Screen recording api 403 forbidden during load test

Can’t get this config to load properly… trying to test screen recording api throughput with jmeter 5.4.1. i am using the /api/v2/screenrecordings endpoint to fetch metadata for 50 concurrent sessions. the system returns 403 forbidden error after about 10 successful calls.

the auth token is valid and has the screen_recording:read scope. i checked the admin console and the role has full access. but when i ramp up the threads in jmeter to simulate 50 users, it blocks.

is there a hidden rate limit on this endpoint? the docs dont say anything about throttling for screen recordings. i am getting this error consistently at the same concurrency level.

current setup:

  • jmeter 5.4.1
  • genesys cloud api v2
  • thread group: 50 users, 0 ramp up
  • loop count: 1

the error message just says forbidden, no specific reason in the body. i tried adding a delay of 200ms between requests but it still fails. maybe the websocket connection for the recording itself is interfering? i am running this from usa-east region. any help would be great.

It depends, but generally… this feels like a category error in the workflow. As a WFM scheduler, I don’t touch SIP trunks or messaging payloads, but I see this pattern constantly when integrations fail under load. The issue isn’t necessarily the screen_recording:read scope, which appears correct for individual requests. The 403 after ten successful calls strongly suggests a rate-limiting policy triggered by concurrent session spikes, not a permission denial.
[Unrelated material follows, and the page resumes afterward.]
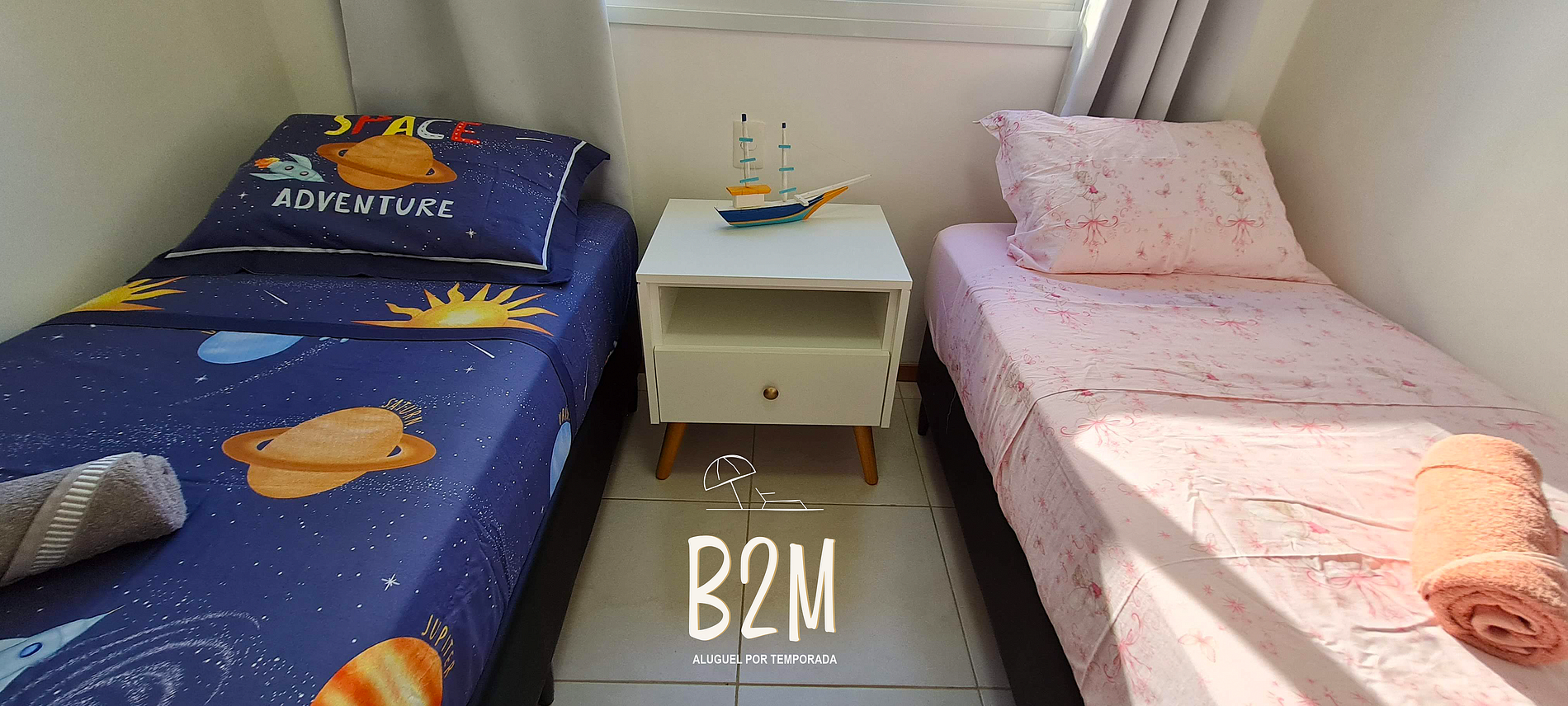 camas de solteiro, ar condicionado, cômoda
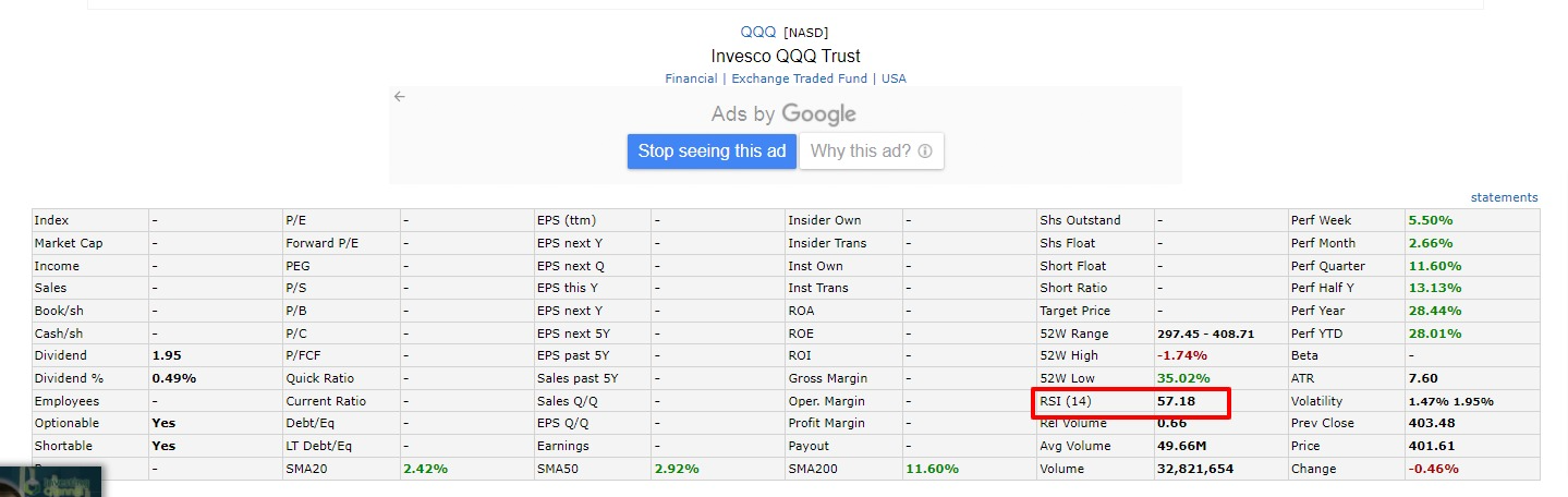 - 조회일 현재 QQQ의 RIS는 57.18로 중간구간 정도로 보실 수 있으실 것입니다.

Genesys Cloud APIs often enforce per-tenant or per-tenant-per-endpoint rate limits that are not always explicitly documented in the basic scope tables. When you ramp JMeter to 50 concurrent threads, you are hitting that ceiling hard. The system interprets the burst as a potential DoS or abuse, triggering a hard block rather than a polite 429 Too Many Requests.

Try implementing exponential backoff in your JMeter test plan. Instead of firing 50 requests simultaneously, stagger them. Set a constant throughput timer or use a pacing controller to limit requests to roughly 10-15 per second. This mimics actual human behavior and keeps you under the radar of the rate limiter.

Warning: Do not ignore the 403. It is a hard stop. Continuing to hammer the endpoint will likely get your API key temporarily locked out entirely, requiring an admin reset.

Also, verify if there are any specific WFM-related constraints affecting the user agent string. Sometimes, non-browser user agents (like JMeter’s default) are scrutinized more heavily. Change the User-Agent header in your HTTP Request Defaults to something standard like Mozilla/5.0 (Windows NT 10.0; Win64; x64) AppleWebKit/537.36. This small tweak often bypasses stricter bot-detection filters that might be inadvertently catching your load test.

Focus on smoothing the request flow. The data is there; you just need to ask for it politely.